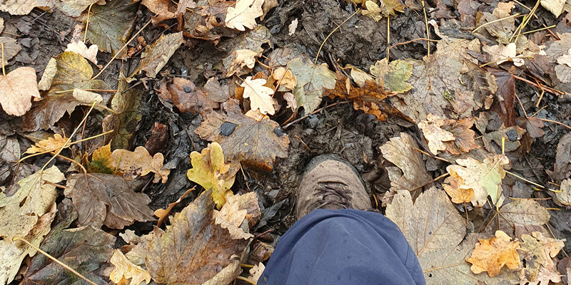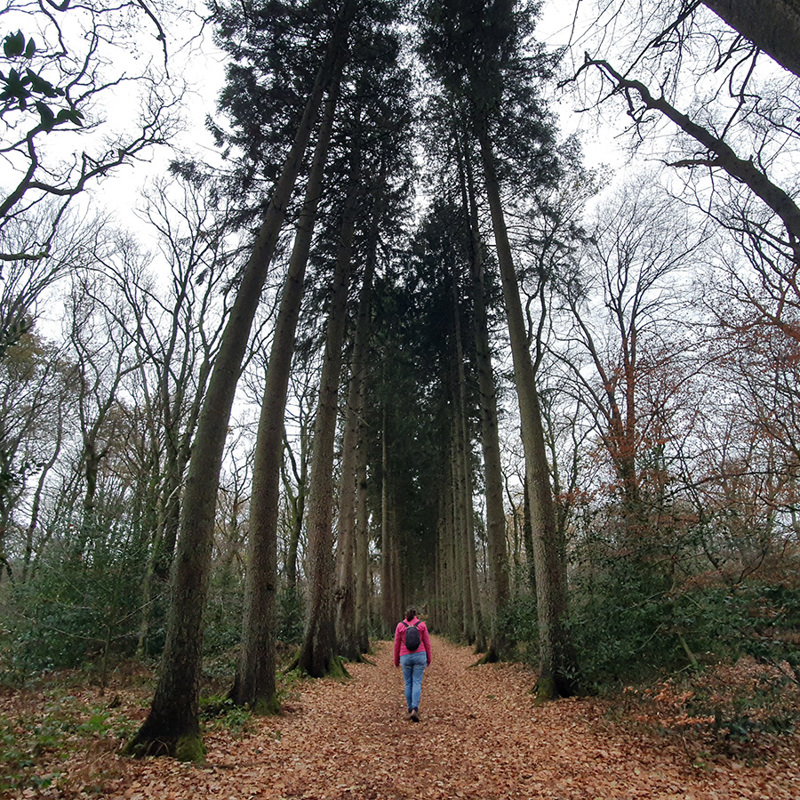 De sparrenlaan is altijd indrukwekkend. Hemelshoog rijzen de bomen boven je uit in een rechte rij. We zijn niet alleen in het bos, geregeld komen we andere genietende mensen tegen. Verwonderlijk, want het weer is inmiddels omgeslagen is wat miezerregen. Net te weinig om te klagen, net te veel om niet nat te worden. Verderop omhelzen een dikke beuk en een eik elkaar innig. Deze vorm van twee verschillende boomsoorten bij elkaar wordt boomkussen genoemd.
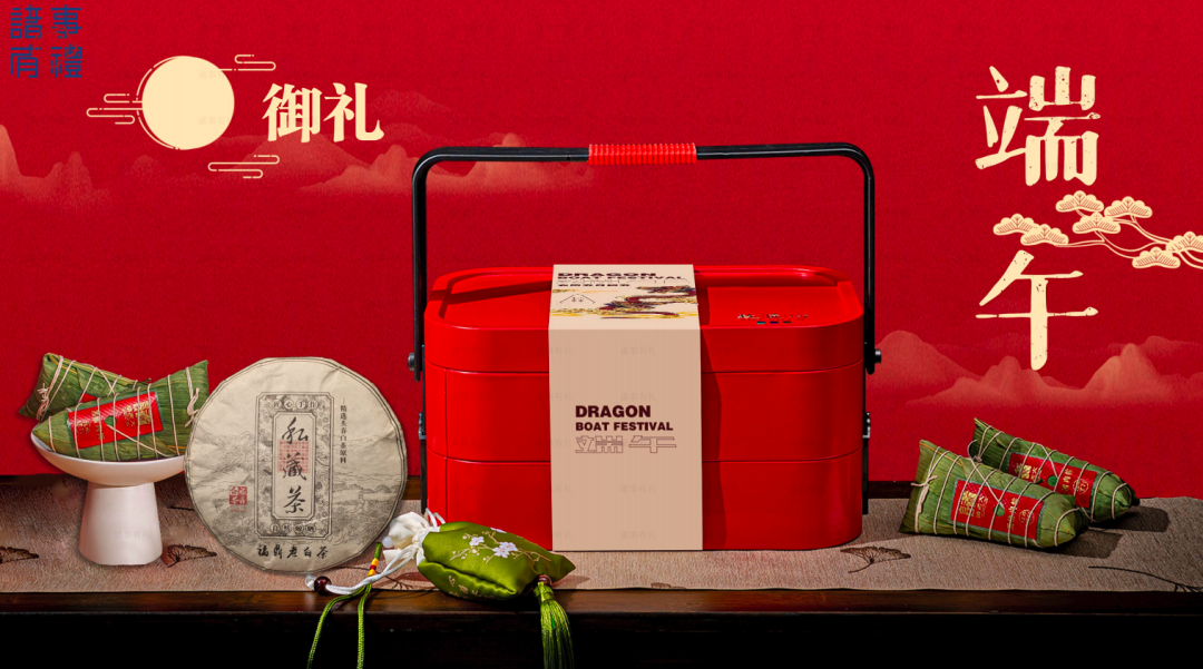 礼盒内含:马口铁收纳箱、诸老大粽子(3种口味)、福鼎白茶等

...

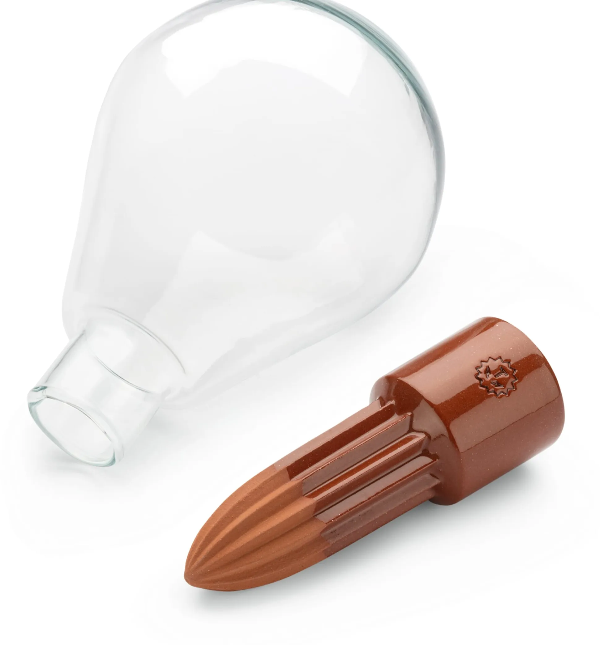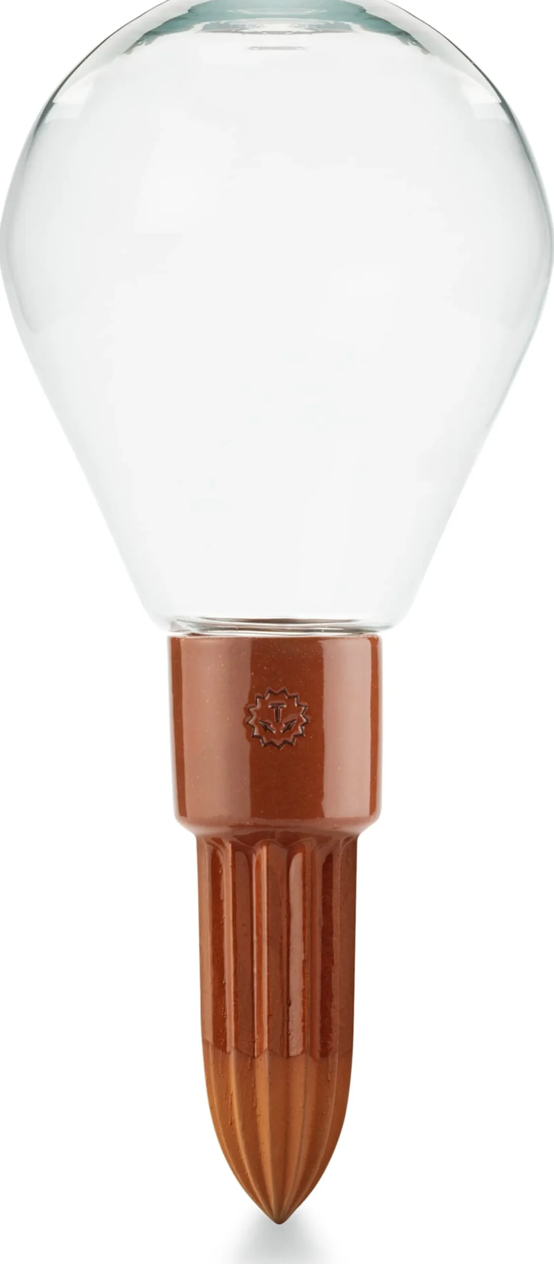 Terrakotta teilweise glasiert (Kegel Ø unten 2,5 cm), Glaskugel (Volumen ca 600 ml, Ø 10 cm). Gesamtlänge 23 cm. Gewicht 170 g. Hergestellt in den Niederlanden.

...

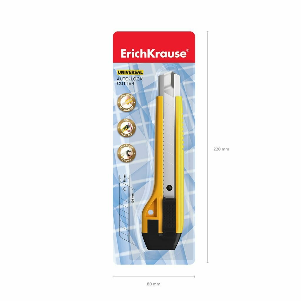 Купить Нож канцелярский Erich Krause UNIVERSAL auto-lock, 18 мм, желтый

■ **TASK REQUIREMENTS**:
Give again the stretch of the entries above that begins at the line with "De sparrenlaan is" and ends at the line with "礼盒内含:马口铁收纳箱、诸老大粽子(3种口味)、福鼎白茶等", word for word, with no pictures.

■ **OUTPUT BELOW**:
 De sparrenlaan is altijd indrukwekkend. Hemelshoog rijzen de bomen boven je uit in een rechte rij. We zijn niet alleen in het bos, geregeld komen we andere genietende mensen tegen. Verwonderlijk, want het weer is inmiddels omgeslagen is wat miezerregen. Net te weinig om te klagen, net te veel om niet nat te worden. Verderop omhelzen een dikke beuk en een eik elkaar innig. Deze vorm van twee verschillende boomsoorten bij elkaar wordt boomkussen genoemd.
 礼盒内含:马口铁收纳箱、诸老大粽子(3种口味)、福鼎白茶等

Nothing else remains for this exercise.